## Recorded information

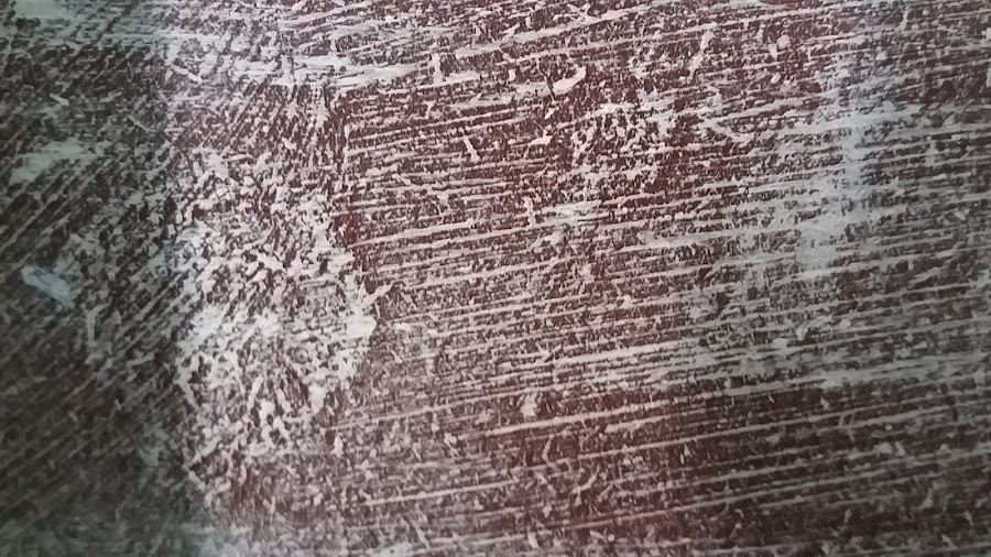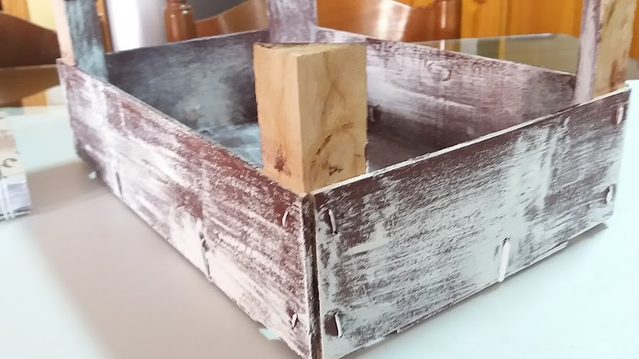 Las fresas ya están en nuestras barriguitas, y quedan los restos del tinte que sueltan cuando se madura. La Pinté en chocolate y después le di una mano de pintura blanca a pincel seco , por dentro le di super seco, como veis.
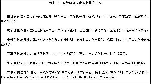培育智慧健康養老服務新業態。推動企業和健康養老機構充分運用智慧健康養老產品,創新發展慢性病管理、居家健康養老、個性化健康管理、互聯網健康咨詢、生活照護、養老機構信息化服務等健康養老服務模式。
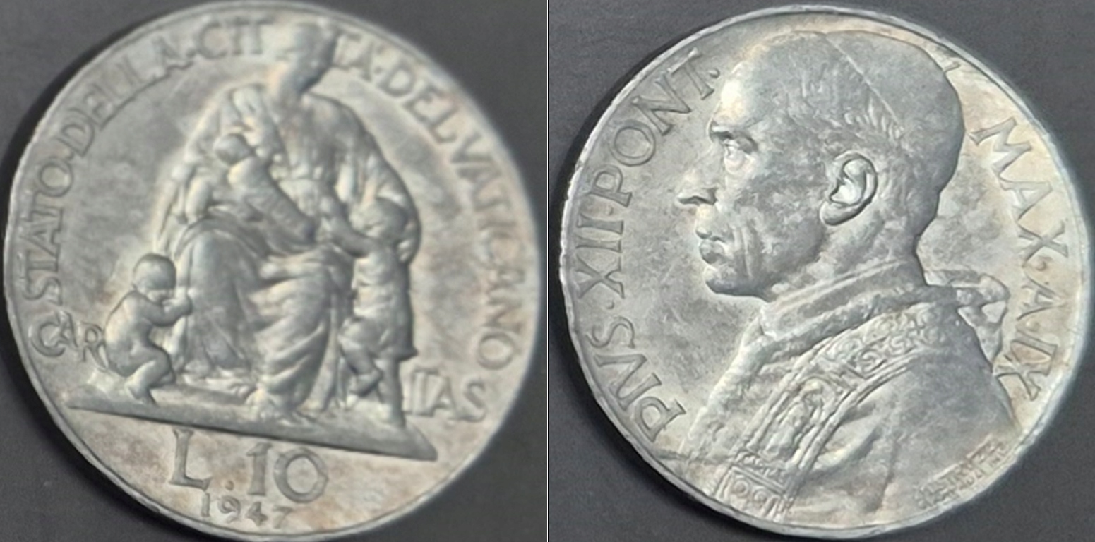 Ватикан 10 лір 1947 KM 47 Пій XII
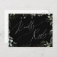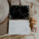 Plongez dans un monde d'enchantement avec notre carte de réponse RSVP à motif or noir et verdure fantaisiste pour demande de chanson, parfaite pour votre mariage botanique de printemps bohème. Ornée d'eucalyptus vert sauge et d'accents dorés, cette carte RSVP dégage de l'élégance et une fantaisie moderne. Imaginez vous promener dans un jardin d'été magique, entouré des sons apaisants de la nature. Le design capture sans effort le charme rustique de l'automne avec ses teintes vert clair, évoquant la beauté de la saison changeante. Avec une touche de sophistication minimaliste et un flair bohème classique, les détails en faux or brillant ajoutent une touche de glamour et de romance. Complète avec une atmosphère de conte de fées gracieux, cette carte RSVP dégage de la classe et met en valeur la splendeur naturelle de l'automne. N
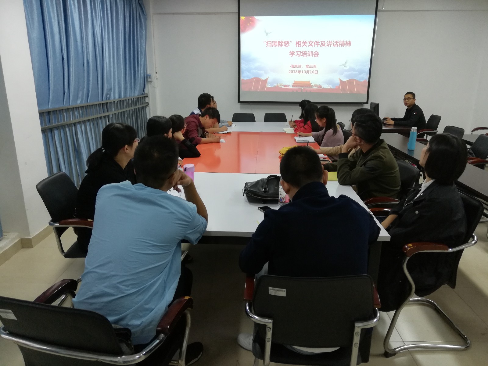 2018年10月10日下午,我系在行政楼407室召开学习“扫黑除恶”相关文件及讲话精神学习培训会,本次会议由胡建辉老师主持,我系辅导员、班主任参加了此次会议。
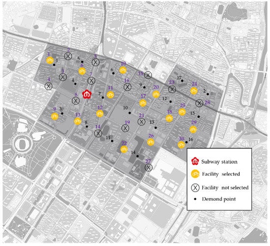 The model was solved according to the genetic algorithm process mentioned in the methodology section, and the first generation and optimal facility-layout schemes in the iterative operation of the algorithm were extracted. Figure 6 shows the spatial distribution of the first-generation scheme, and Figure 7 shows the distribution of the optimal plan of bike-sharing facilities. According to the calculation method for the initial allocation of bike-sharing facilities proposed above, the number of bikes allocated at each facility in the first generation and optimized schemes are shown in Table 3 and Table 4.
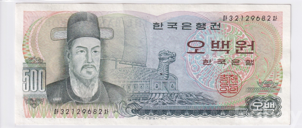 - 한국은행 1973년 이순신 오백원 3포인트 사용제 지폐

==

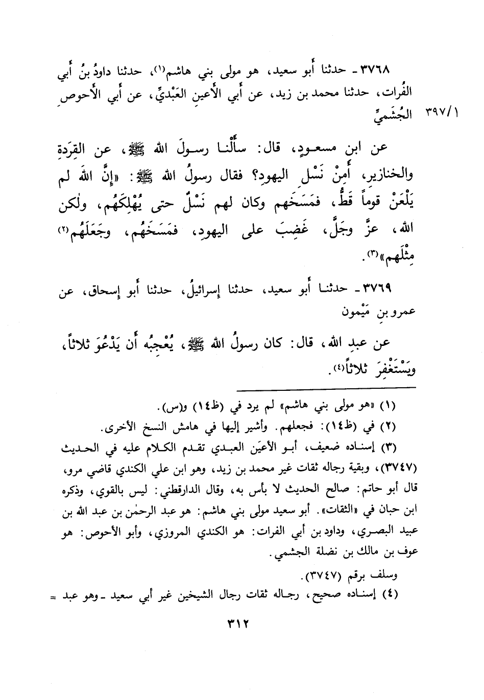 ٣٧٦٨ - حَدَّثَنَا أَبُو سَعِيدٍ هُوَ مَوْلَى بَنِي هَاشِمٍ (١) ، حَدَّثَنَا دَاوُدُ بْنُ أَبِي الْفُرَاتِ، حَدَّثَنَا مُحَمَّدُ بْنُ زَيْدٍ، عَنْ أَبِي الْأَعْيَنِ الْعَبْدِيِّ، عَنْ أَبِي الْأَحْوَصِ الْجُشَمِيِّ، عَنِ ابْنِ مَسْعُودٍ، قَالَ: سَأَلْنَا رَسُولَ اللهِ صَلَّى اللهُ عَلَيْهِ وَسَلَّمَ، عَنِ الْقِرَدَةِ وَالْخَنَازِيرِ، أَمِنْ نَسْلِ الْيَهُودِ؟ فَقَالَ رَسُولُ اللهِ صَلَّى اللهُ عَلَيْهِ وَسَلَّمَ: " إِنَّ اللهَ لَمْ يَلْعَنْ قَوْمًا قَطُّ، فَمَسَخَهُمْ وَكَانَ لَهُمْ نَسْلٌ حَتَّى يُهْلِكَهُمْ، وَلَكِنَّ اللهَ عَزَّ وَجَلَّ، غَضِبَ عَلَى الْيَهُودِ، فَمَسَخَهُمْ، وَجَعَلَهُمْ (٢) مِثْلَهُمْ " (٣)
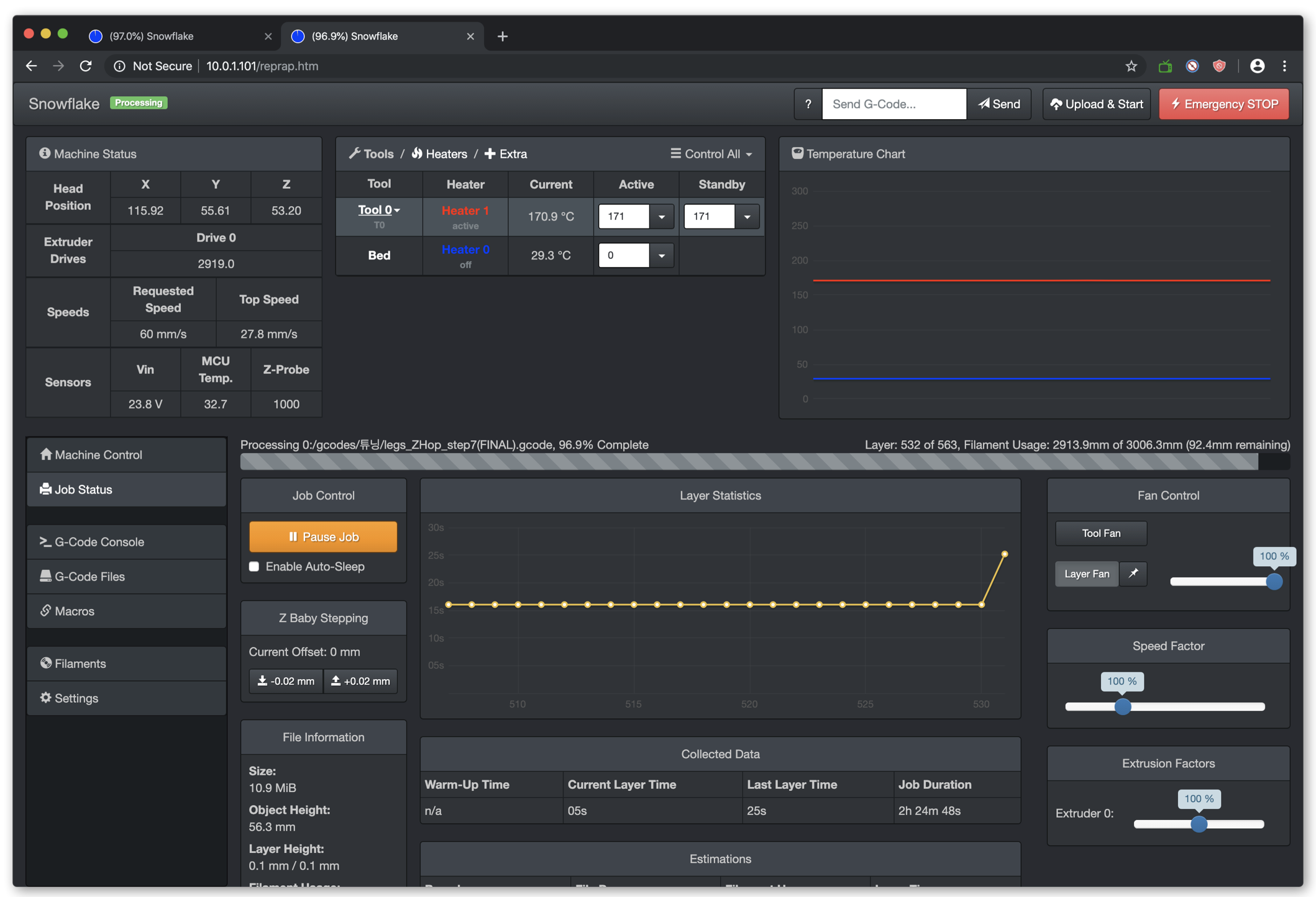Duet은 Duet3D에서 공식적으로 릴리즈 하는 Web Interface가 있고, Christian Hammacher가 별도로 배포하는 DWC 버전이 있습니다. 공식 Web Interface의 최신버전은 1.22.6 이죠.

## Action item
With the pictures omitted, print the lines above exactly, beginning at the line with "2018年10月10日下午,我系在行政楼" and going on through the line with "- 한국은행 1973년 이순신 오백원 3포인트 사용제 지폐".

## Expected answer
 2018年10月10日下午,我系在行政楼407室召开学习“扫黑除恶”相关文件及讲话精神学习培训会,本次会议由胡建辉老师主持,我系辅导员、班主任参加了此次会议。
 The model was solved according to the genetic algorithm process mentioned in the methodology section, and the first generation and optimal facility-layout schemes in the iterative operation of the algorithm were extracted. Figure 6 shows the spatial distribution of the first-generation scheme, and Figure 7 shows the distribution of the optimal plan of bike-sharing facilities. According to the calculation method for the initial allocation of bike-sharing facilities proposed above, the number of bikes allocated at each facility in the first generation and optimized schemes are shown in Table 3 and Table 4.
 - 한국은행 1973년 이순신 오백원 3포인트 사용제 지폐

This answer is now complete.